What you should do
Repeat the listing below exactly. Pictures do not belong in the copy.

Collected data
_____

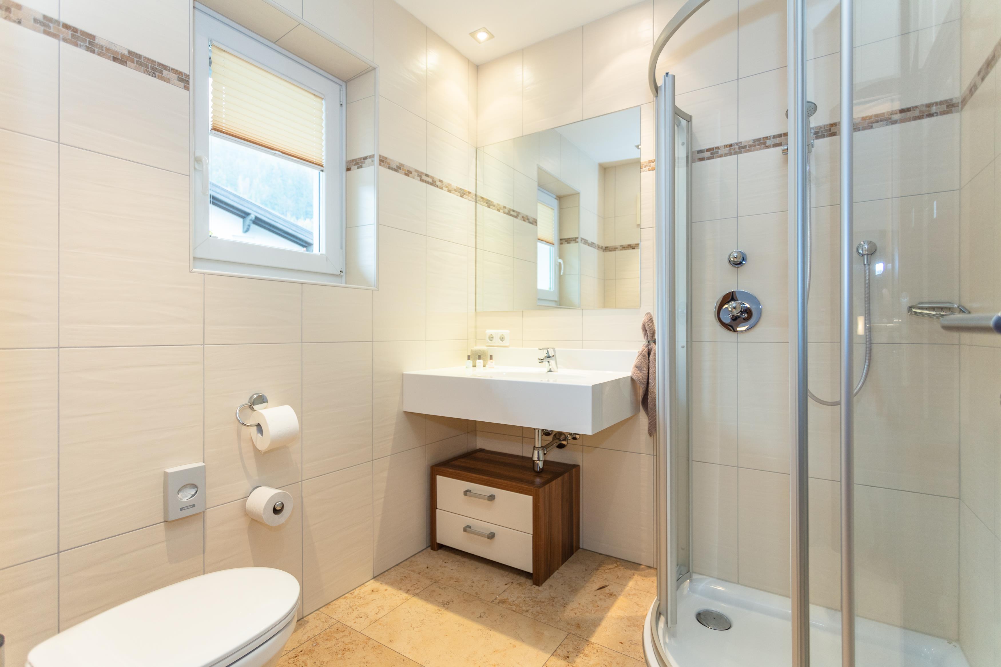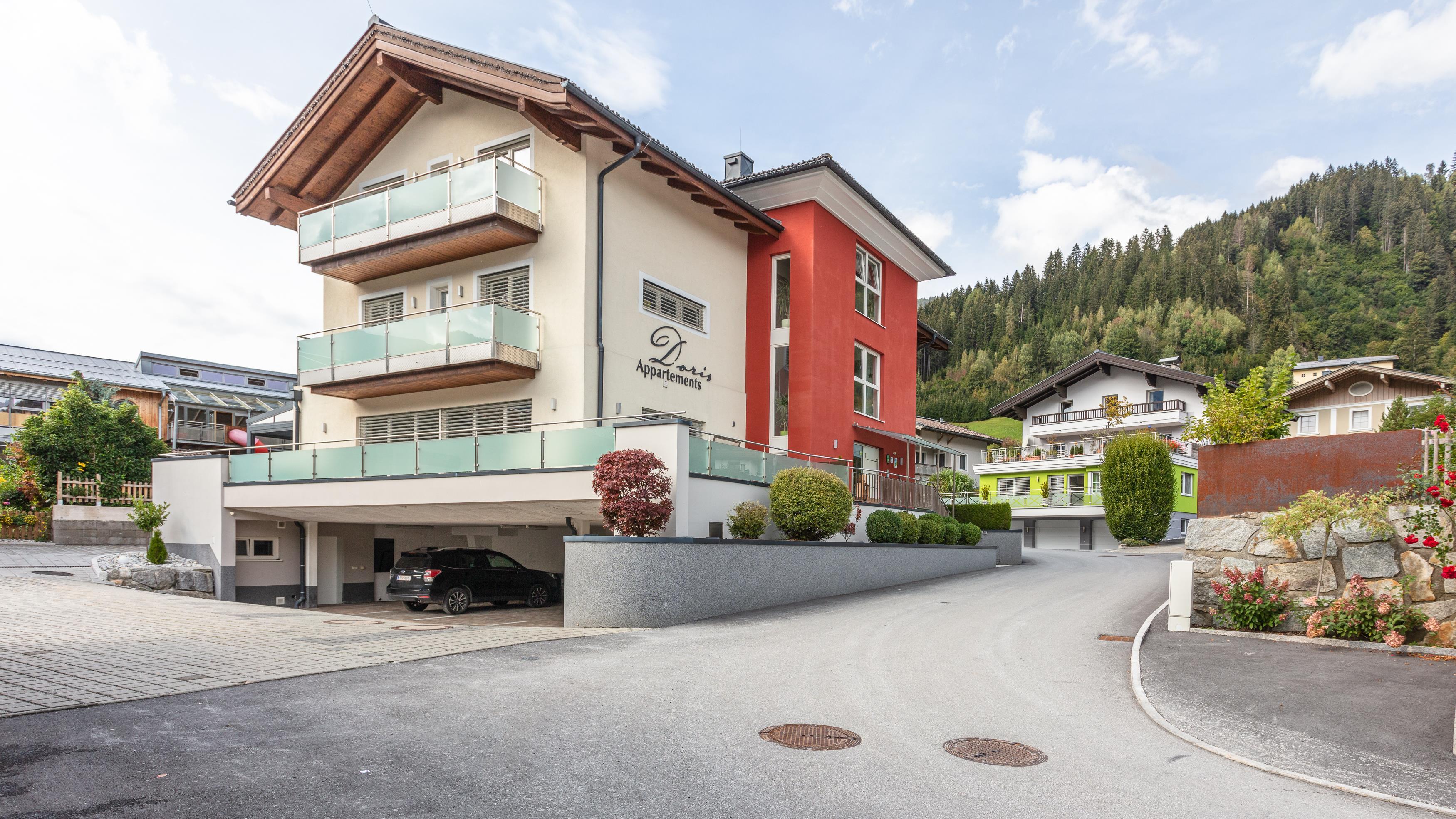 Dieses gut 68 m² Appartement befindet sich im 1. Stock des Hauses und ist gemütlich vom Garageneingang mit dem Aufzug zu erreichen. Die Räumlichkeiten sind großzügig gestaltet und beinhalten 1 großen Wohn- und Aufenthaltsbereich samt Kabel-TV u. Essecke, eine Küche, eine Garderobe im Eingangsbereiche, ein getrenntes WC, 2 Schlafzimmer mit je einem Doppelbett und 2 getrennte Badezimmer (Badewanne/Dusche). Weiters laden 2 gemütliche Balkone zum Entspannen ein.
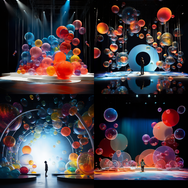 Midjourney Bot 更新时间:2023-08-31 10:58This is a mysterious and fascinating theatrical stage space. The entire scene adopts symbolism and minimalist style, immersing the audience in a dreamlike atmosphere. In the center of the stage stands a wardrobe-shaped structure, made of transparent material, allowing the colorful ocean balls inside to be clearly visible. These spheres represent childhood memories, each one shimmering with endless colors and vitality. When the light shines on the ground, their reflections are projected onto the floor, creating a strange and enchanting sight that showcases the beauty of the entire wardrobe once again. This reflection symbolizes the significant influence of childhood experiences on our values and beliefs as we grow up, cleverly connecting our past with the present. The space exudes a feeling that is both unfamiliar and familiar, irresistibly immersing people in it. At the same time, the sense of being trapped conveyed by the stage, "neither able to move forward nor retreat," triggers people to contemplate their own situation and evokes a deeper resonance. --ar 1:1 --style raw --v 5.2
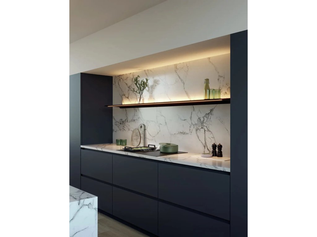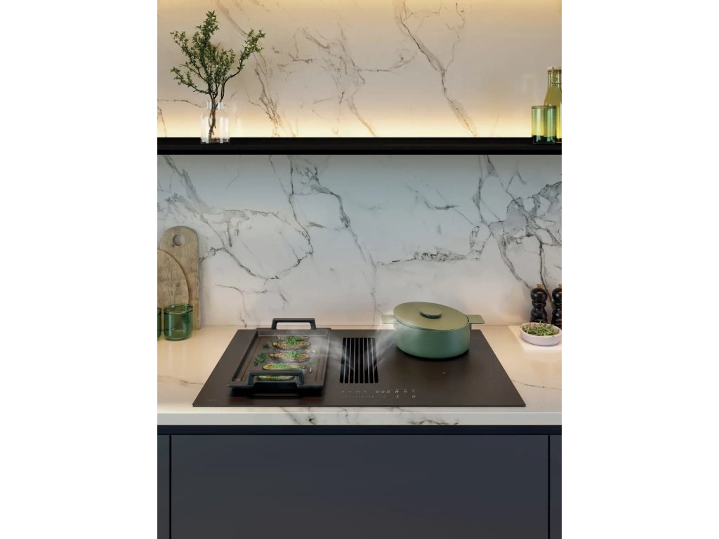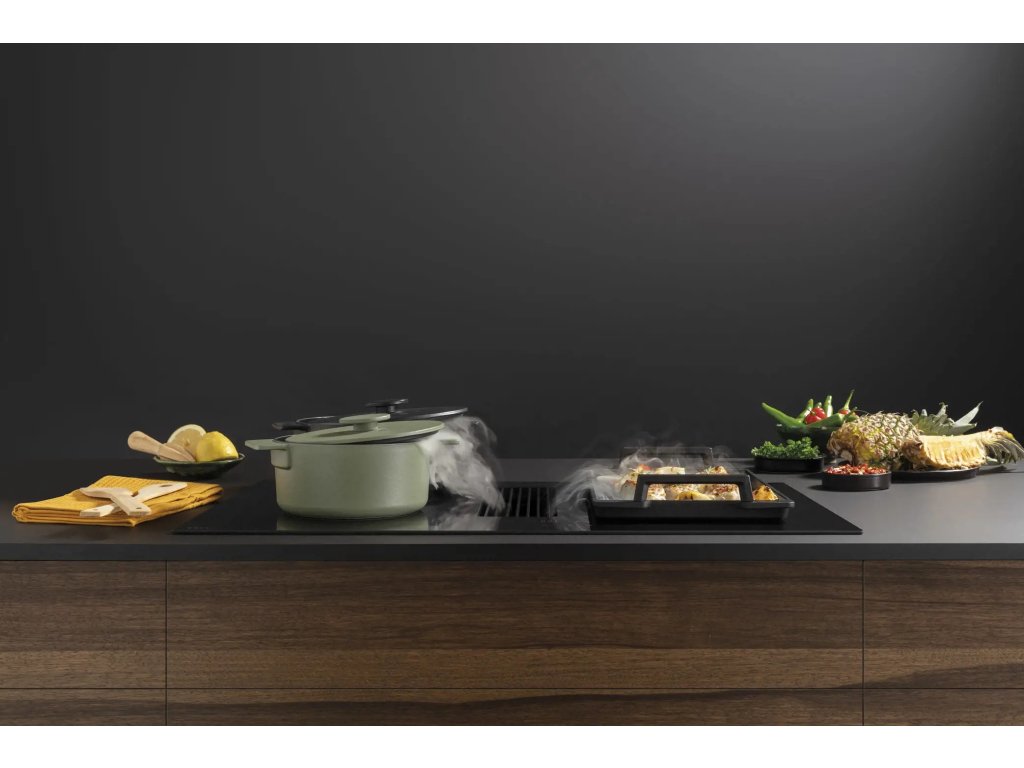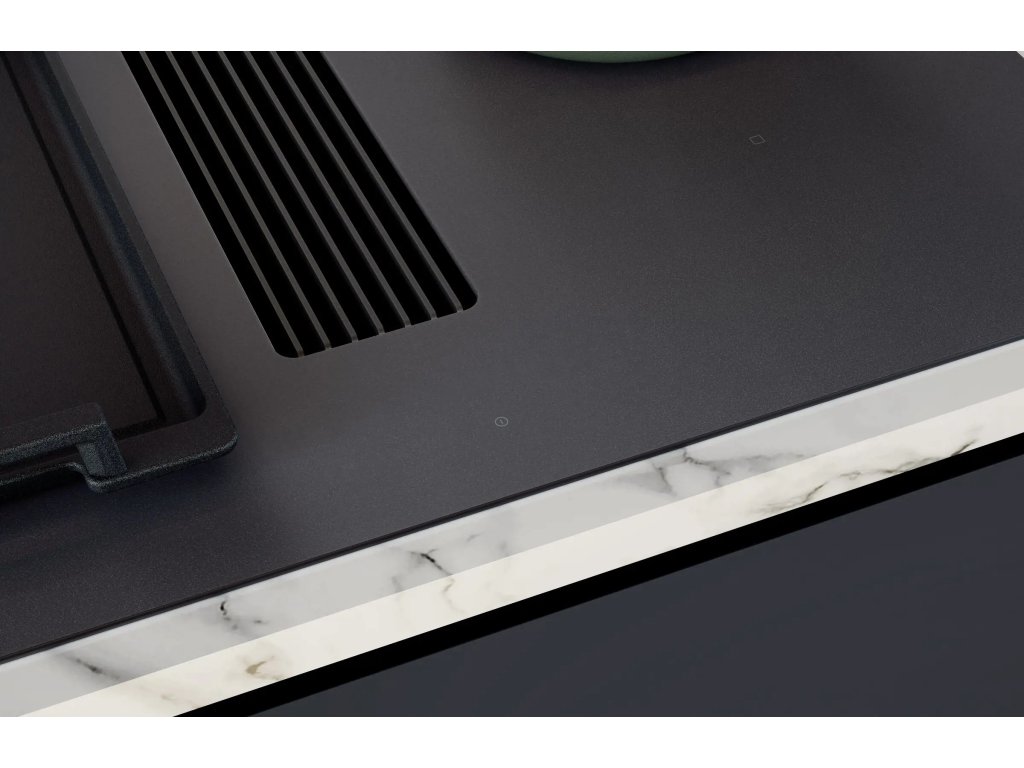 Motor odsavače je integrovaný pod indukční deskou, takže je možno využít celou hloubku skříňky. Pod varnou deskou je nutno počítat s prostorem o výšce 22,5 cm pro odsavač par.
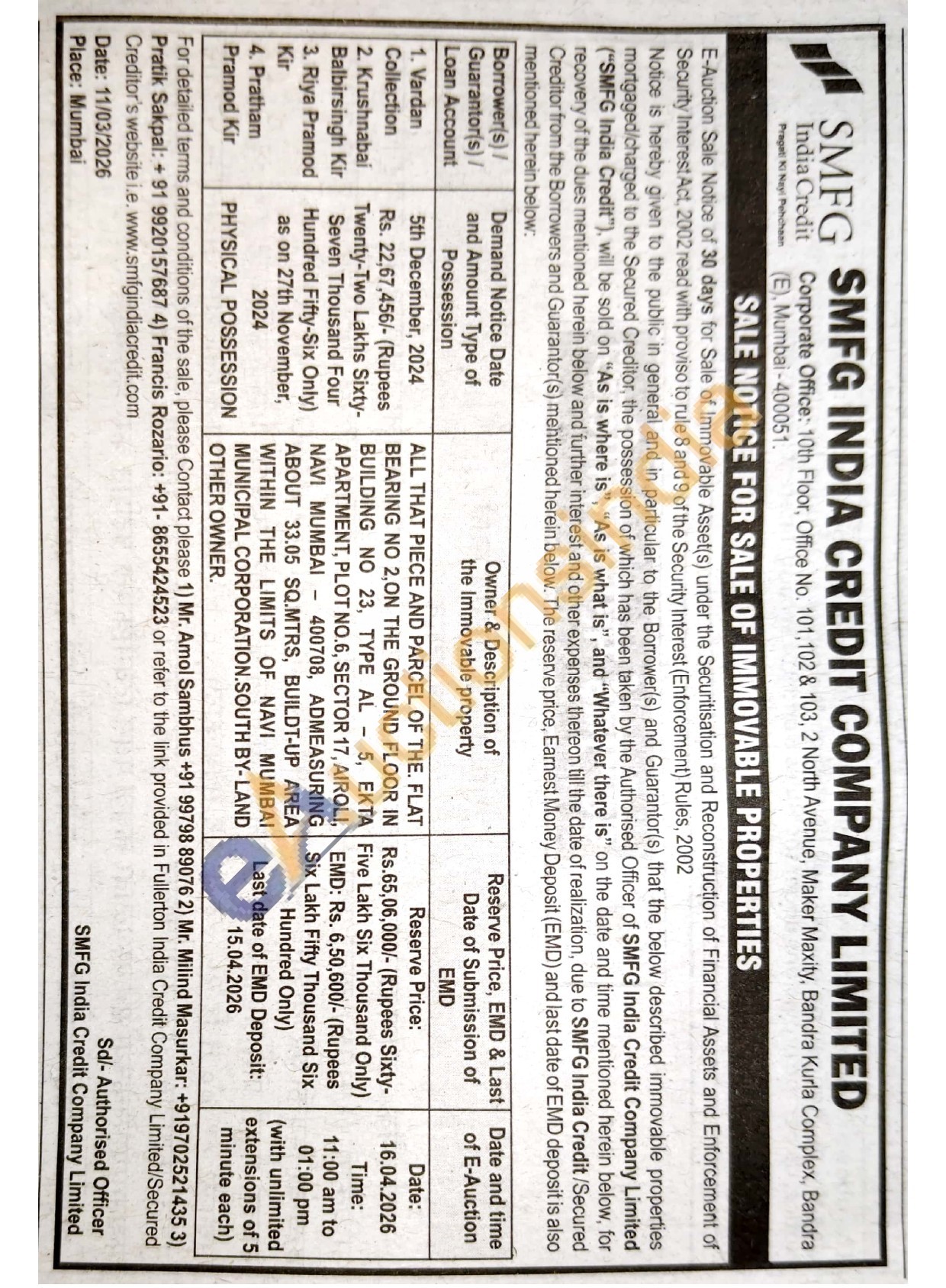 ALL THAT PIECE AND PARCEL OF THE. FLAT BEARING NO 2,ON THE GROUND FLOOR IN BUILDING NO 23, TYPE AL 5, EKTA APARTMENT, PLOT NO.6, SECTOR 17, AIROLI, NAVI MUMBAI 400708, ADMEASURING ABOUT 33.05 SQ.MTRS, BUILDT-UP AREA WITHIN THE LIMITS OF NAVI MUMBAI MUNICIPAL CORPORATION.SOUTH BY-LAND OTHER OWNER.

_____

Task result
 Dieses gut 68 m² Appartement befindet sich im 1. Stock des Hauses und ist gemütlich vom Garageneingang mit dem Aufzug zu erreichen. Die Räumlichkeiten sind großzügig gestaltet und beinhalten 1 großen Wohn- und Aufenthaltsbereich samt Kabel-TV u. Essecke, eine Küche, eine Garderobe im Eingangsbereiche, ein getrenntes WC, 2 Schlafzimmer mit je einem Doppelbett und 2 getrennte Badezimmer (Badewanne/Dusche). Weiters laden 2 gemütliche Balkone zum Entspannen ein.
 Midjourney Bot 更新时间:2023-08-31 10:58This is a mysterious and fascinating theatrical stage space. The entire scene adopts symbolism and minimalist style, immersing the audience in a dreamlike atmosphere. In the center of the stage stands a wardrobe-shaped structure, made of transparent material, allowing the colorful ocean balls inside to be clearly visible. These spheres represent childhood memories, each one shimmering with endless colors and vitality. When the light shines on the ground, their reflections are projected onto the floor, creating a strange and enchanting sight that showcases the beauty of the entire wardrobe once again. This reflection symbolizes the significant influence of childhood experiences on our values and beliefs as we grow up, cleverly connecting our past with the present. The space exudes a feeling that is both unfamiliar and familiar, irresistibly immersing people in it. At the same time, the sense of being trapped conveyed by the stage, "neither able to move forward nor retreat," triggers people to contemplate their own situation and evokes a deeper resonance. --ar 1:1 --style raw --v 5.2
 Motor odsavače je integrovaný pod indukční deskou, takže je možno využít celou hloubku skříňky. Pod varnou deskou je nutno počítat s prostorem o výšce 22,5 cm pro odsavač par.
 ALL THAT PIECE AND PARCEL OF THE. FLAT BEARING NO 2,ON THE GROUND FLOOR IN BUILDING NO 23, TYPE AL 5, EKTA APARTMENT, PLOT NO.6, SECTOR 17, AIROLI, NAVI MUMBAI 400708, ADMEASURING ABOUT 33.05 SQ.MTRS, BUILDT-UP AREA WITHIN THE LIMITS OF NAVI MUMBAI MUNICIPAL CORPORATION.SOUTH BY-LAND OTHER OWNER.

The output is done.